* Task goal
Using only the entries below, copy exactly the lines that begin at the one with "Документы Пустырника экстракт" and end at the one with "Светодиодная лента с", both included. Drop the pictures.

*** Data to examine ***

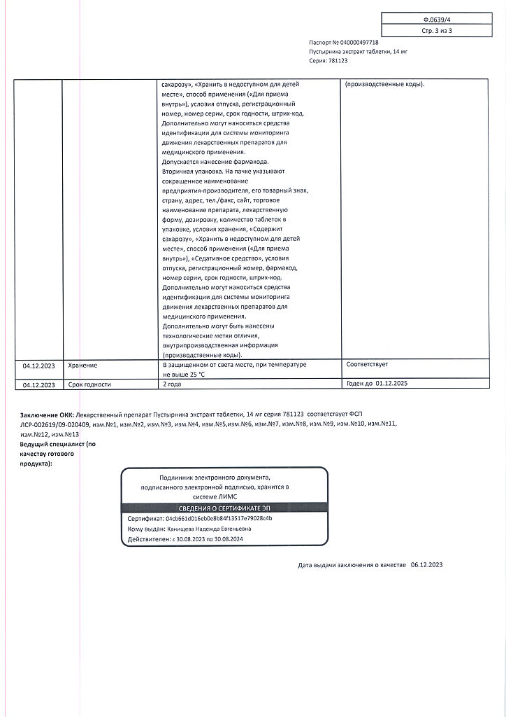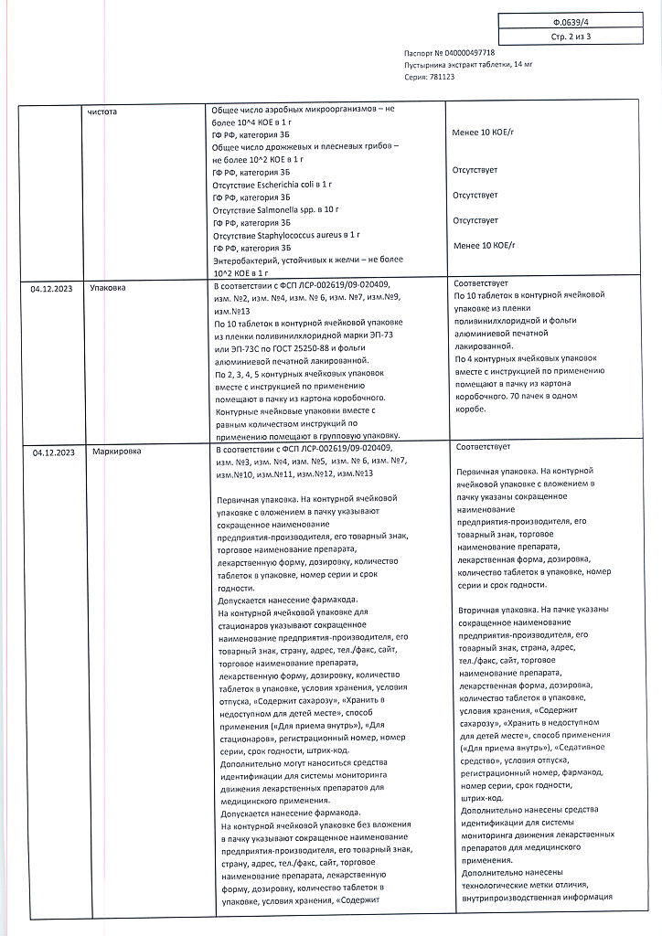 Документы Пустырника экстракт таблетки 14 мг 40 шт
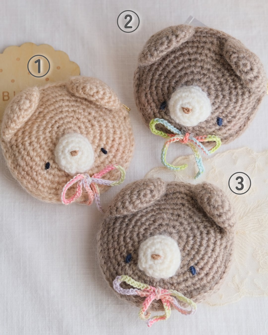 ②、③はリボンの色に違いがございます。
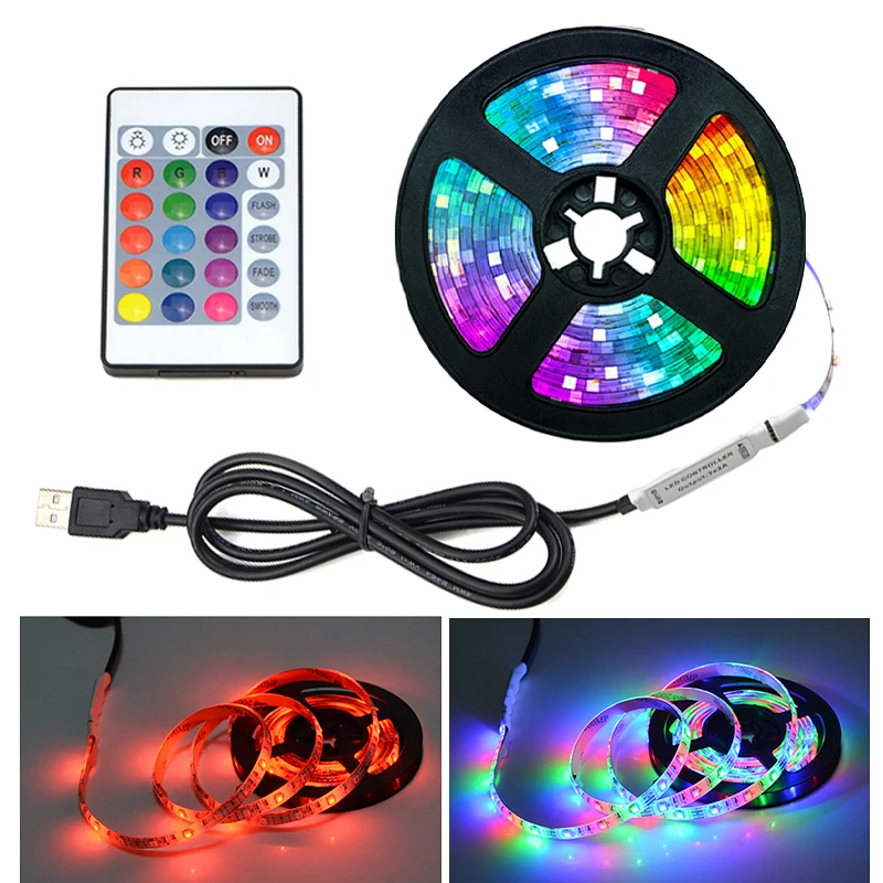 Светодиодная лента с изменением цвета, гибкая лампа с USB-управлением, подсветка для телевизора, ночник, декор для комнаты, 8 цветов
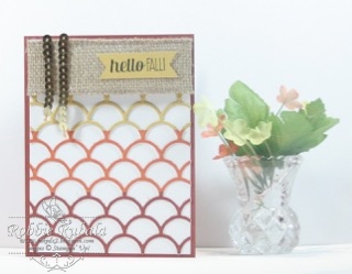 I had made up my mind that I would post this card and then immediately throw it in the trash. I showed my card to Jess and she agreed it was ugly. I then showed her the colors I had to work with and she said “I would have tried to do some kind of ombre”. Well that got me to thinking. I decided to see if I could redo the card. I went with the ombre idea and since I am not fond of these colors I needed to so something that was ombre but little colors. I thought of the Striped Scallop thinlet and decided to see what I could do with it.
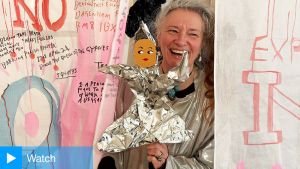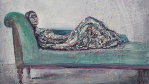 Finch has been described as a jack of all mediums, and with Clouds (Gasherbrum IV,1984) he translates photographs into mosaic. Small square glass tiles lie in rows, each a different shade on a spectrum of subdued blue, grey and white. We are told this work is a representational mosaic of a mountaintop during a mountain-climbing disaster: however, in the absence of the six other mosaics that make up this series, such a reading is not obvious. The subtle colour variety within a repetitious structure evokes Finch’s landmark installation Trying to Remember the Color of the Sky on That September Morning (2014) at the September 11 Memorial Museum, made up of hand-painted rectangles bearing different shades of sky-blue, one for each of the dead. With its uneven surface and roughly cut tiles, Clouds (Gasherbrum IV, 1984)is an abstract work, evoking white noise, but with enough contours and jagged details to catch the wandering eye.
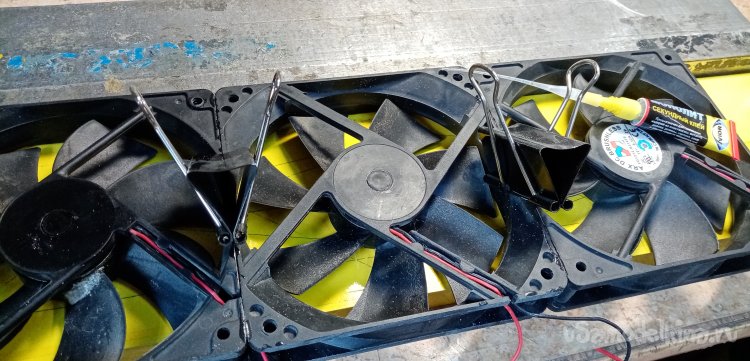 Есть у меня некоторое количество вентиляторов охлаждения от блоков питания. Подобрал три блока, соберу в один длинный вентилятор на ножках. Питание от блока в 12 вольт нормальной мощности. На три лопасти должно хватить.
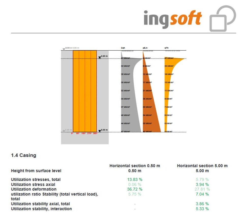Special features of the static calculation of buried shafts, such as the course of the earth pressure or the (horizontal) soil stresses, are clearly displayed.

*** End of Data to examine ***
*** Data to examine ***

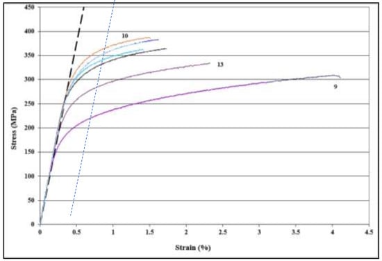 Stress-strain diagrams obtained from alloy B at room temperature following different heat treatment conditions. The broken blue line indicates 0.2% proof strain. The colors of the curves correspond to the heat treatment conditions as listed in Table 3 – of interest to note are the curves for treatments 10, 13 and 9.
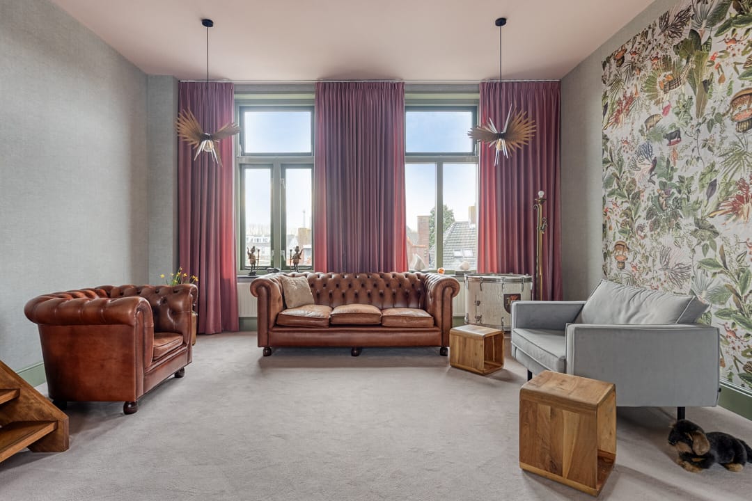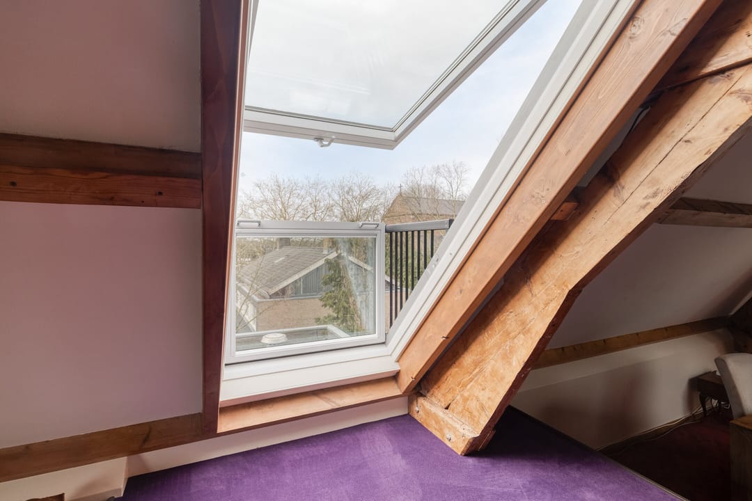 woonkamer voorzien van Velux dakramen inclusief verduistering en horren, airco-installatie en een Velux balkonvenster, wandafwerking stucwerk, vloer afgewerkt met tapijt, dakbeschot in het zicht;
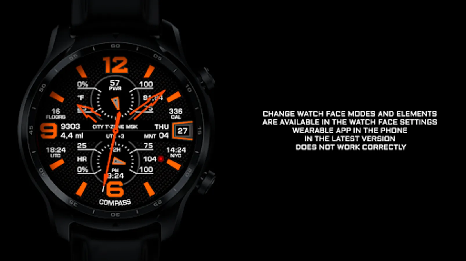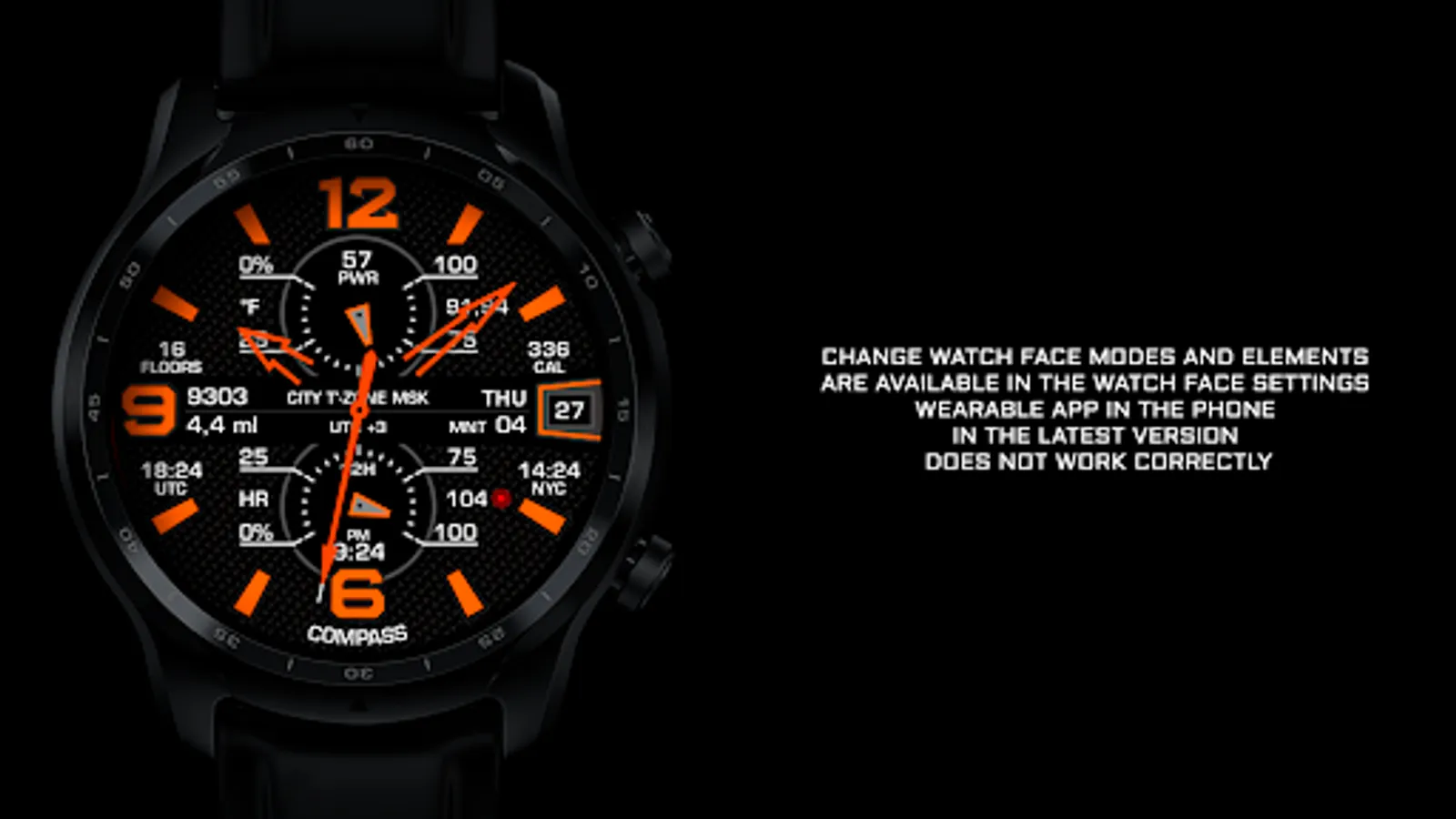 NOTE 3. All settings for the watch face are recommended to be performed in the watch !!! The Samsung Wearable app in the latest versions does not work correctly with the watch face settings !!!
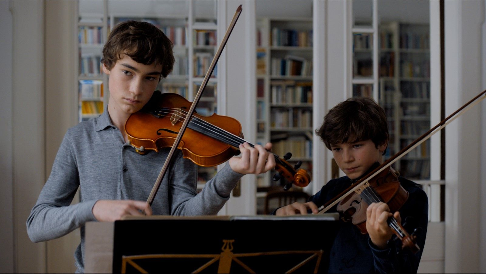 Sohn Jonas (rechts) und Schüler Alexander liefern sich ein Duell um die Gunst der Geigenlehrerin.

*** End of Data to examine ***

* Solution below
 Документы Пустырника экстракт таблетки 14 мг 40 шт
 ②、③はリボンの色に違いがございます。
 Светодиодная лента с изменением цвета, гибкая лампа с USB-управлением, подсветка для телевизора, ночник, декор для комнаты, 8 цветов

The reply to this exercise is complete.